Stored items from a collection
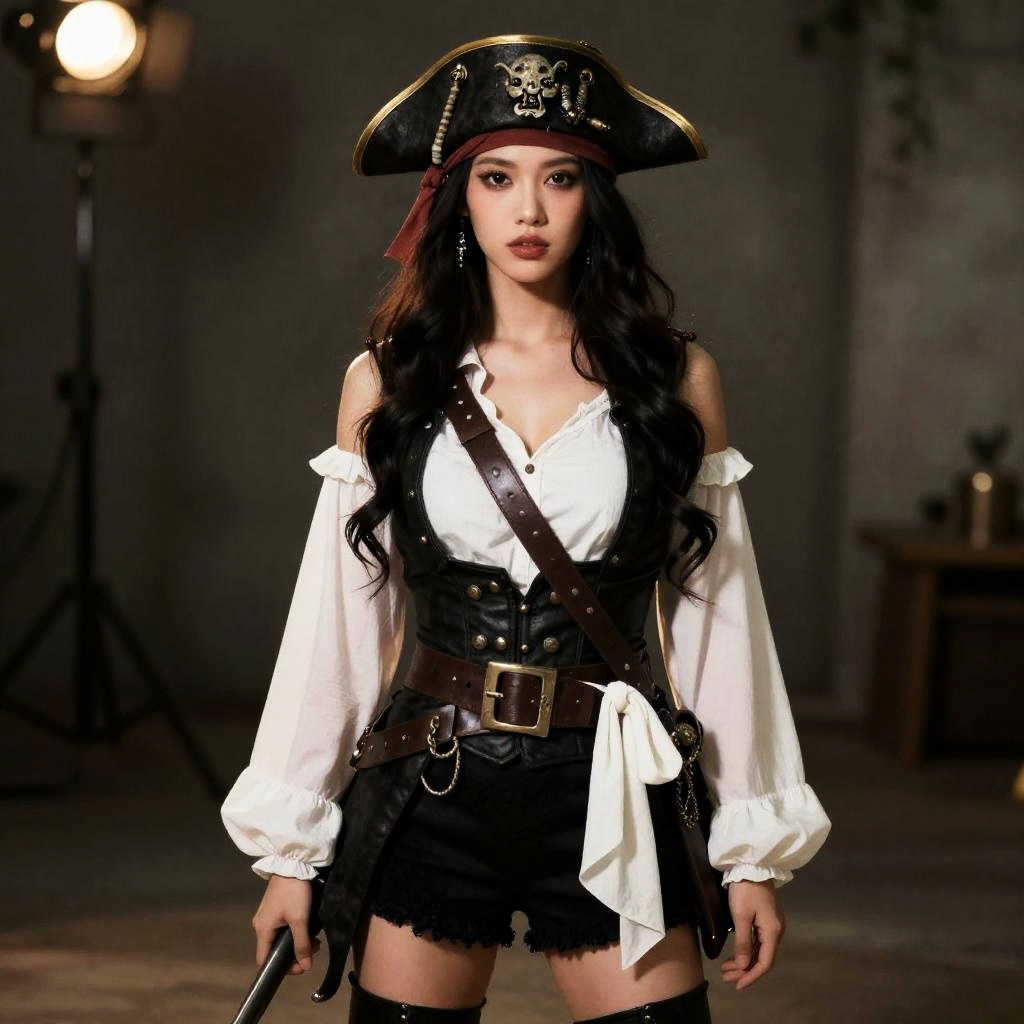 Pirate Wench Outfit, pirate woman in a black and white outfit posing for a picture
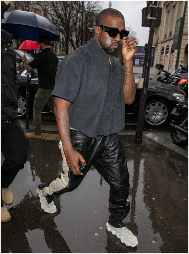 他的造型依旧超越了普通穿搭的范畴,他将自己全身统一成为一个色系。充满了包裹感,就像是新球鞋Yeezy Knit RNR一样,完全的一体化,完全的包裹感,没有额外元素的打扰。球鞋的尺码印刷在脚踝处,非常直观的展现自己的尺码。这可能是Kanye从Balenciaga创意总监Demna Gavaslia那边学到的新方式。反正已经没有了传统的鞋舌等结构,那么反而彻底一点,将尺码放在更明显的位置上。
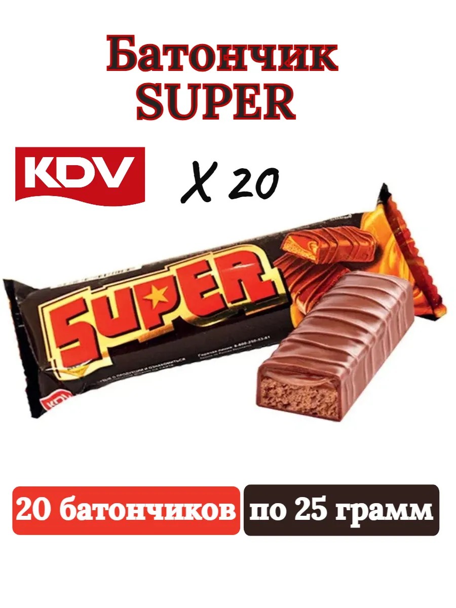 Батончик Super от KDV — это идеальное сочетание нежного молочного шоколада, и ароматной нугой. Каждая из 18 порционных упаковок весом 40 грамм станет отличным перекусом в течение дня. Батончик Super создан из отборных какао-бобов и цельного молока, без добавления ГМО и усилителей вкуса. Он порадует вас своим насыщенным вкусом и подарит заряд бодрости благодаря 30% содержанию какао. Удобно брать с собой на работу, в школу, прогулку, в дорогу. Состав продукта: патока, сахар, масла растительные (эмульгаторы: сорбитан тристеарат; соевый лецитин); сыворотка молочная сухая деминерализованная, какао-порошок, продукты яичные, концентрат (экстракт) ячменно-солодовый (солод ячменный, ячмень, вода); эмульгаторы: лецитины (рапсовый/соевый); Е476; молоко цельное сгущённое с сахаром (молоко цельное, молоко обезжиренное, сахар (сахароза), лактоза); соль, ароматизаторы. Возможно наличие глютена, продуктов переработки арахиса и орехов.
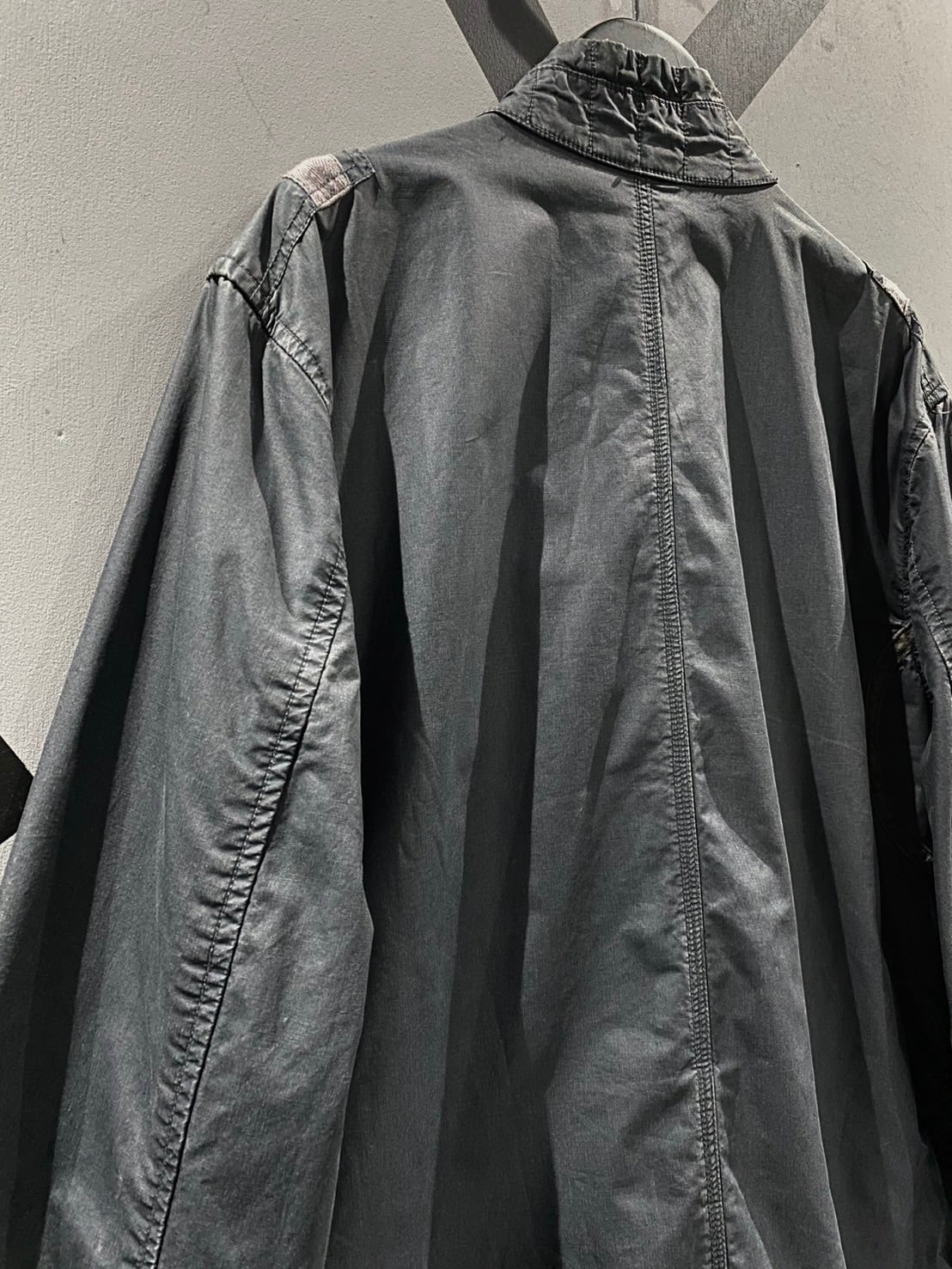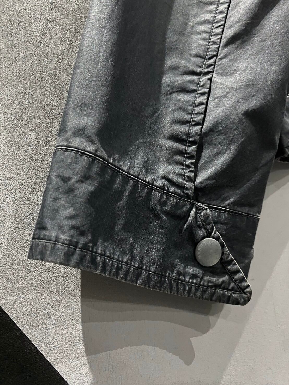 コーティング加工を施し、レザーのような独特な光沢を放つボディに、フロントには縦や横型のジップポケット、ボディサイドにはパッチポケットを載せたジャケット。
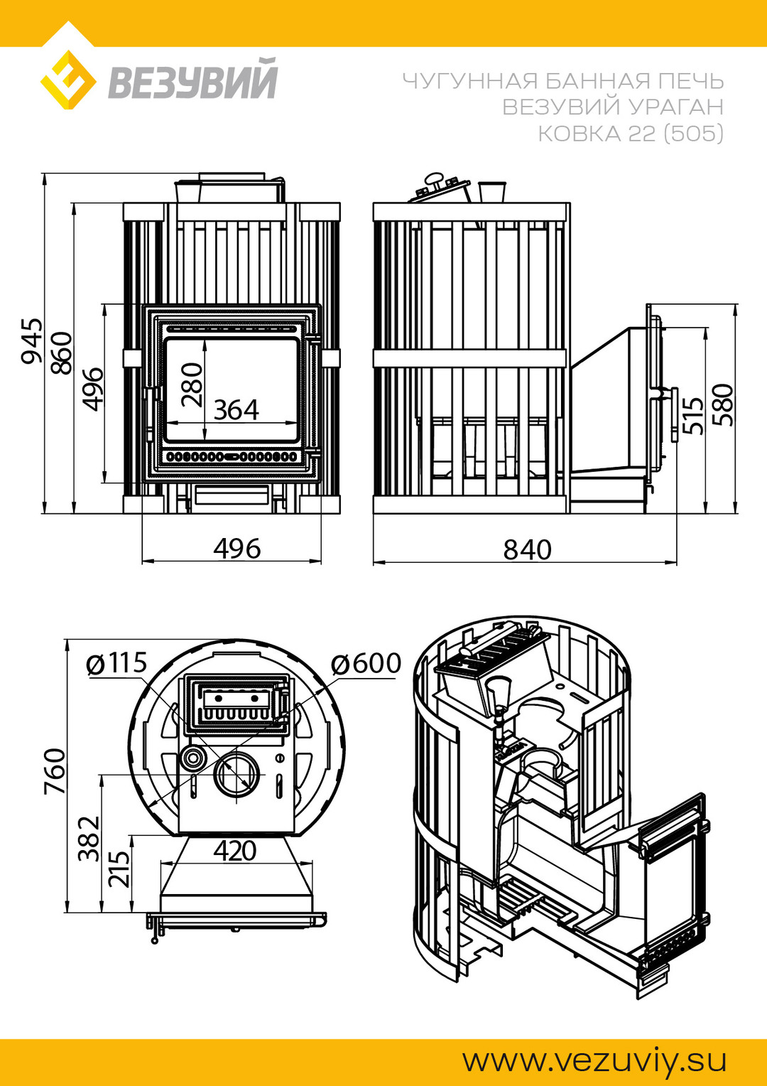 Банная чугунная печь Ураган Ковка 22 (505) комплектуется чугунной герметичной дверцей Везувий 505 с жаропрочным стеклом SCHOTT ROBAX.
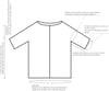 See schematic for approximate finished measurements. There is no shaping, however if you would like a bit of waist shaping and/or increase hip circumference, you may go up and down needles sizes as noted or increase from under-bust to the next size up.
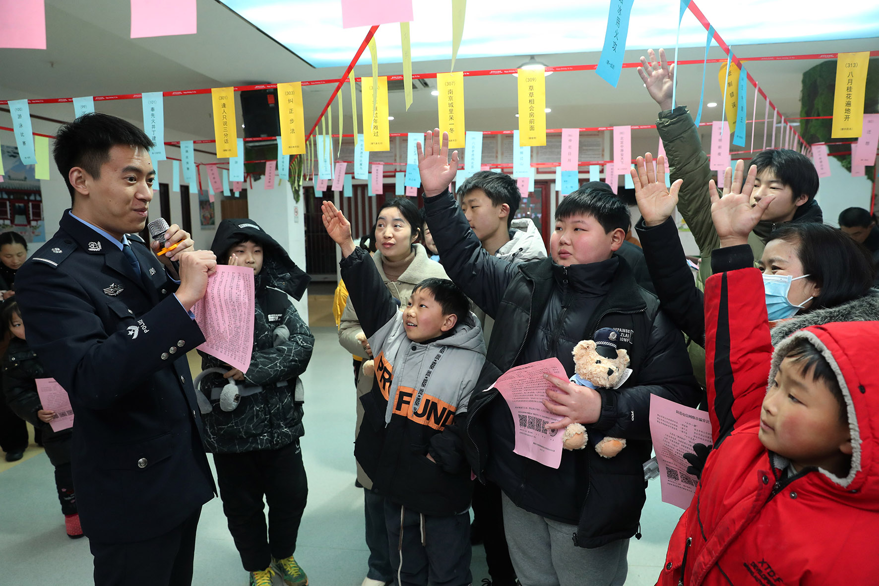 2月24日,安徽省蒙城縣“慶新春 鬧元宵”有獎(jiǎng)猜謎活動(dòng)現(xiàn)場,民警向家長和孩子們介紹燈謎游戲中的反詐知識(shí)。
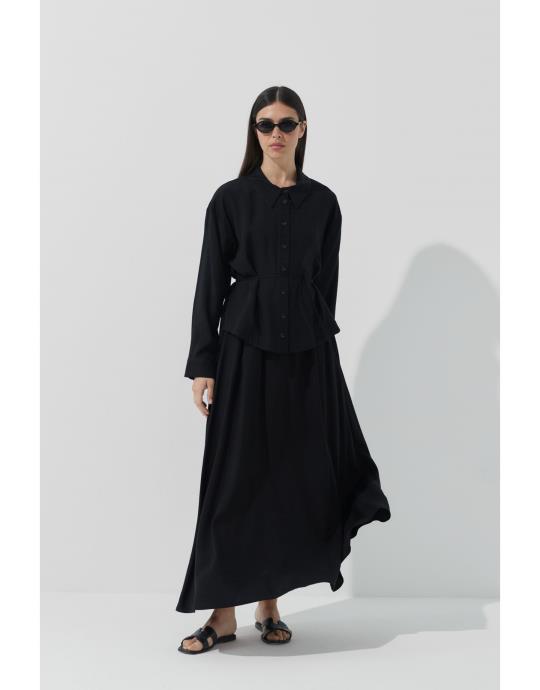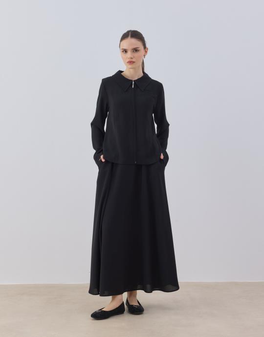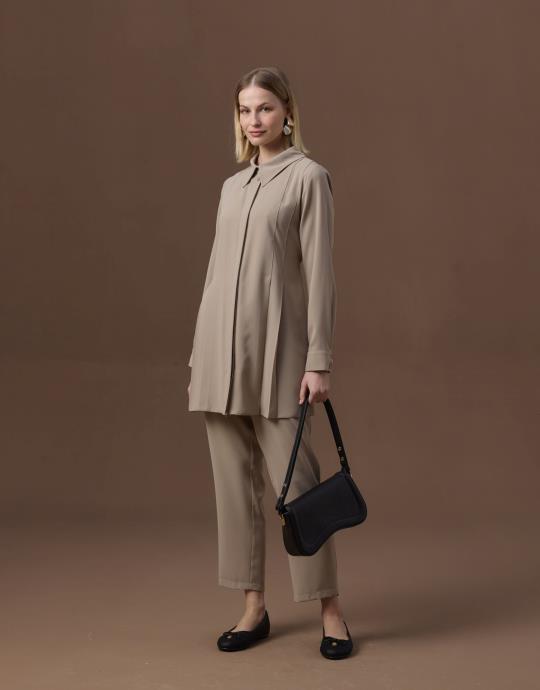 Erkek yaka tasarımıyla klasik çizgileri yeniden yorumlayan tunik, ön kısmındaki gizli pat detayıyla sade ve zarif bir görünüm sunar. Bel kısmı düğmeli köprü ile hareketlendirilerek vücut formunu zarifçe ortaya çıkarır. Düz manşetli kolları, tunik formuna yalın ama güçlü bir ifade kazandırır.
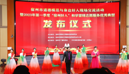 发布仪式对2023年第一季度“宿州好人”和学雷锋志愿服务优秀典型进行事迹发布,并为先进典型代表颁奖。本次发布仪式上,音乐学院受邀参加了两个节目:歌舞《春风十万里》和《人世间》,音乐学院教师顾大海、黄慧、吴味子以及舞蹈表演专业学生参加演出,大家精神饱满,舞姿优美,精彩的表演赢得了观众的热烈掌声。
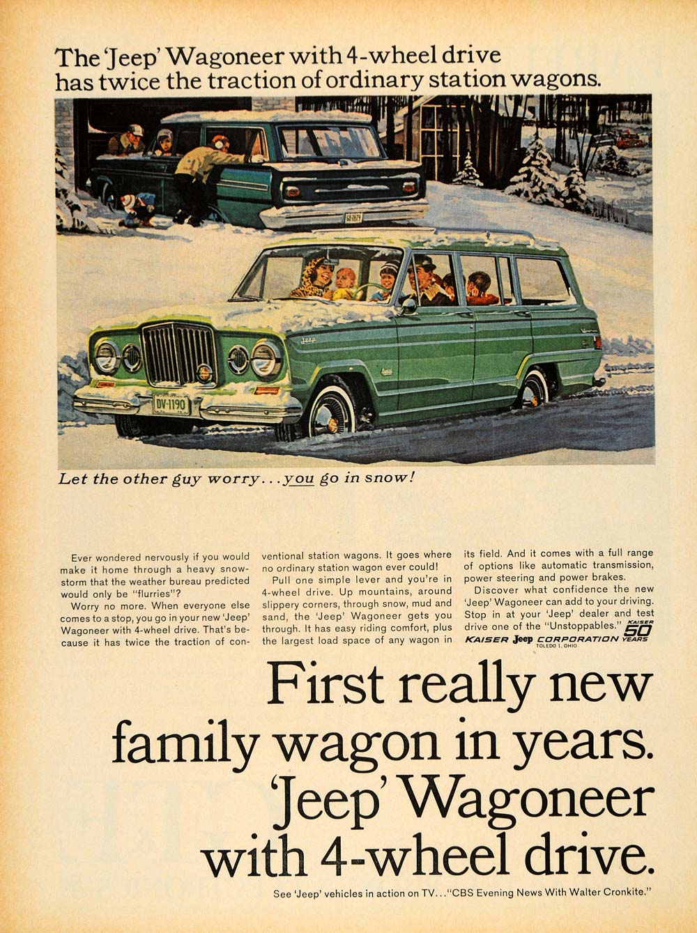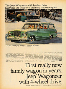 This is an original 1964 color print ad for the Kaiser Jeep Wagoneer with four-wheel drive.
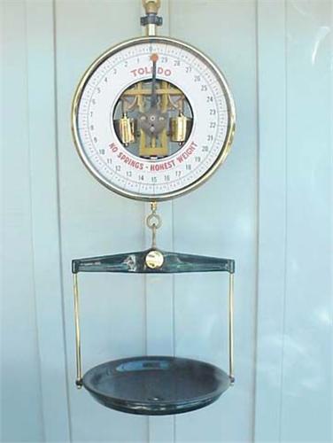 1918 Toledo style 1605 F open face hanging produce scale. Professionally restored.
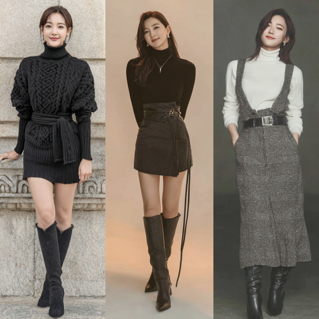 실제로 제가 니하이 부츠를 처음 신었을 때, 전체 밸런스가 무너졌었어요. 이후 미디스커트와 함께 입자 훨씬 세련되어 보였죠. “부츠는 노출 밸런스의 예술”입니다.
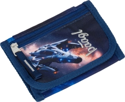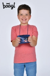 Práctica cartera infantil para el cuello con motivo de nave espacial de la marca BAAGL, ofrece uso seguro, espacio suficiente para monedas y tarjetas y diseño resistente de materiales reciclados. Gracias a la cordón ajustable con cierre de seguridad y al cierre con velcro es ideal para el día a día en el colegio y en actividades extraescolares.
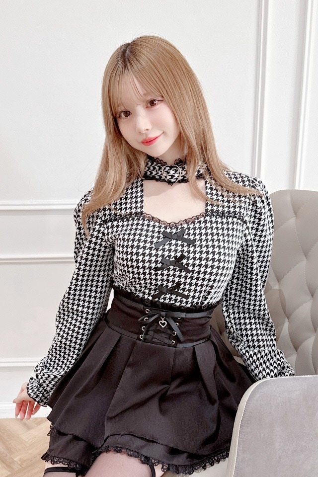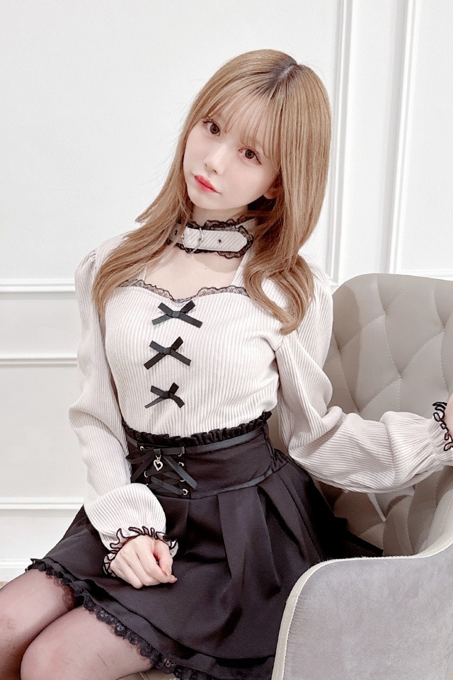 胸元に付くさり気ないリボンやハートバックルの付いたチョーカーが可愛いガーリーさんオススメトップス。
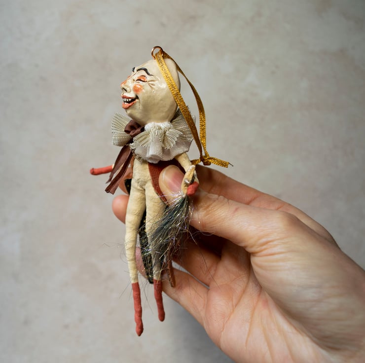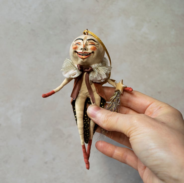 I have made him entirely from scratch from ceramic bisque, wire and cotton. He is wearing a lovely velvet jacket that has a brown and gold spotted reverse pattern. He has a velvet and metallic ruffle collar and is holding a sparkling shooting star that he has caught just for you!

▸ What the exercise asks
Look above for the line containing "Erkek yaka tasarımıyla", then write out every line from there down to the line containing "실제로 제가 니하이 부츠를", that line included, with no pictures.

▸ Task solution
 Erkek yaka tasarımıyla klasik çizgileri yeniden yorumlayan tunik, ön kısmındaki gizli pat detayıyla sade ve zarif bir görünüm sunar. Bel kısmı düğmeli köprü ile hareketlendirilerek vücut formunu zarifçe ortaya çıkarır. Düz manşetli kolları, tunik formuna yalın ama güçlü bir ifade kazandırır.
 发布仪式对2023年第一季度“宿州好人”和学雷锋志愿服务优秀典型进行事迹发布,并为先进典型代表颁奖。本次发布仪式上,音乐学院受邀参加了两个节目:歌舞《春风十万里》和《人世间》,音乐学院教师顾大海、黄慧、吴味子以及舞蹈表演专业学生参加演出,大家精神饱满,舞姿优美,精彩的表演赢得了观众的热烈掌声。
 This is an original 1964 color print ad for the Kaiser Jeep Wagoneer with four-wheel drive.
 1918 Toledo style 1605 F open face hanging produce scale. Professionally restored.
 실제로 제가 니하이 부츠를 처음 신었을 때, 전체 밸런스가 무너졌었어요. 이후 미디스커트와 함께 입자 훨씬 세련되어 보였죠. “부츠는 노출 밸런스의 예술”입니다.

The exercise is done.